Elevated latency in our US-East PoP
Incident Report for PubNub
Postmortem

Problem Description, Impact, and Resolution

In our US-EAST-1 Point of Presence we received an unusual amount of connections that caused upstream backlog within our internal network. This manifested by causing delays in delivering subscription requests to some clients. Via our normal catch up mechanism subscription deliveries continued to function with delays throughout the incident. Manual operation tools deployed mechanisms which alleviated back pressure on connection creation bringing the incident to full resolution.

Mitigation Steps and Recommended Future Preventative Measures

In the future there are several areas to improve. First, a gap was identified in our internal monitoring which hid some of the connection and channel creation from our system. This caused us to respond slower towards a resolution than expected. This gap will be resolved in the coming days. Additionally, we have automatic throttles that closely guard connection creation we are always trying to improve. In this exact scenario we believe the specific pattern of the problem kept the influx of connections underneath our rate limiting. We are analyzing the exact pattern so that in the future our connection rate limiting will take into account more sophisticated usage patterns.

Posted 8 months ago. Feb 05, 2019 - 19:44 UTC

Resolved
The root cause was identified and the actions taken to mitigate were successful and all latencies have returned to normal.
Posted 8 months ago. Feb 04, 2019 - 03:58 UTC
Monitoring
We were able to mitigate the connection issues that we were experiencing and will monitor closely over the next several hours until we are confident the issue is resolved.
Posted 8 months ago.
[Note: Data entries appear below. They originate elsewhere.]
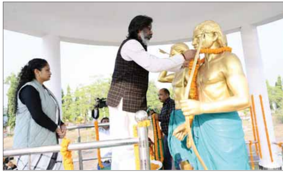
Chief Minister Hemant Soren and MLA Kalpana Soren paying homage to martyrs Sido-Kanhu, Chand-Bhairav and braveheart Phoolo-Jhano at Sido-Kanhu Murmu Park, Bhognadih, Barhet on Saturday.

ernment is a government run from the village. The line of development is being drawn according to the needs of the poor, labourers and deprived class people here. He said that I will not let all your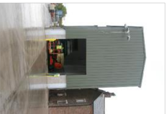
AS BUILT PHOTOGRAPH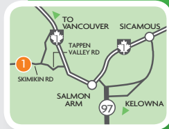
MAP A. SALMON ARM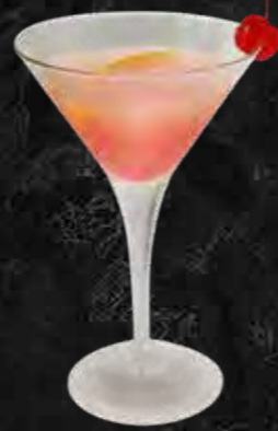
DAIQUIRI $17 ★★★★★

Tequila mixed with orange flavoured liqueur and lime juice often served with a salt rim.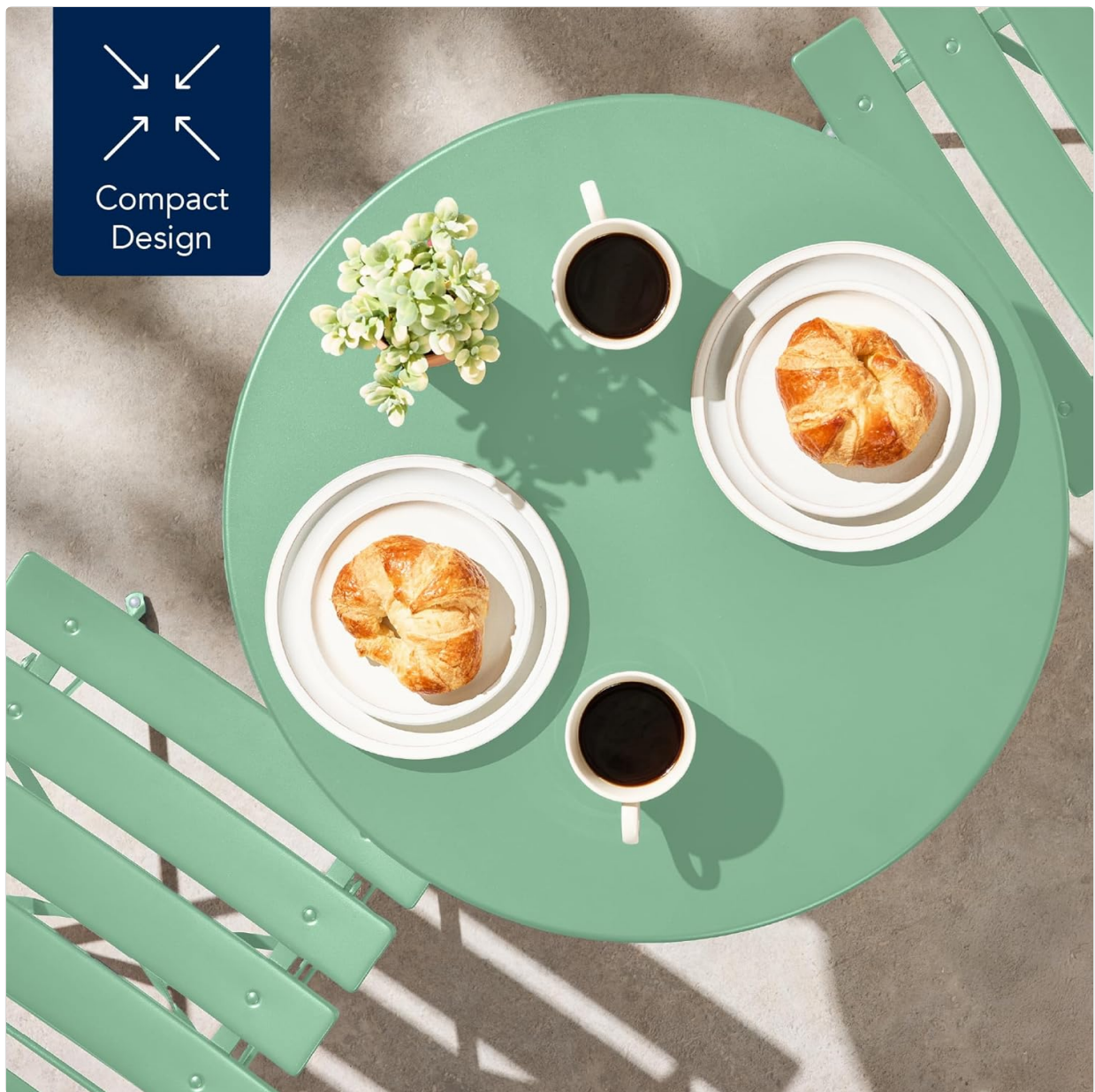
Image: An overhead view of the bistro table with coffee and pastries, emphasizing its compact and functional design.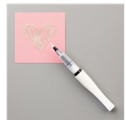
Wink Of Stella Clear Glitter Brush - 141897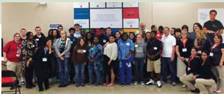
JAG Students visit an Amazon Fulfillment Center with Integrity Staffing Solutions

Integrity Staffing Solutions has forged partnerships with JAG State Affiliates in Arizona, Delaware, Indiana, Kentucky, and Nevada to help connect JAG graduates to employment opportunities with their member companies. In addition, Integrity Staffing has executive level membership on the Jobs for Delaware Graduates Board of Directors and is providing financial assistance to help grow Jobs for Kentucky Graduates.

Feb 04, 2019 - 03:18 UTC
Identified
We have identified a networking condition where connections are taking longer expected. We are implementing multiple strategies to mitigate the impact.
Posted 8 months ago. Feb 04, 2019 - 02:57 UTC
Update
We currently understand the impact and are discussing the best actions to take to mitigate the latencies.
Posted 8 months ago. Feb 04, 2019 - 02:42 UTC
Investigating
We are currently experiencing elevated latencies in our US-East PoP and are investigating root cause.
Posted 8 months ago. Feb 04, 2019 - 02:22 UTC
This incident affected: Points of Presence (North America Points of Presence) and Realtime Network (Publish/Subscribe Service, Storage and Playback Service).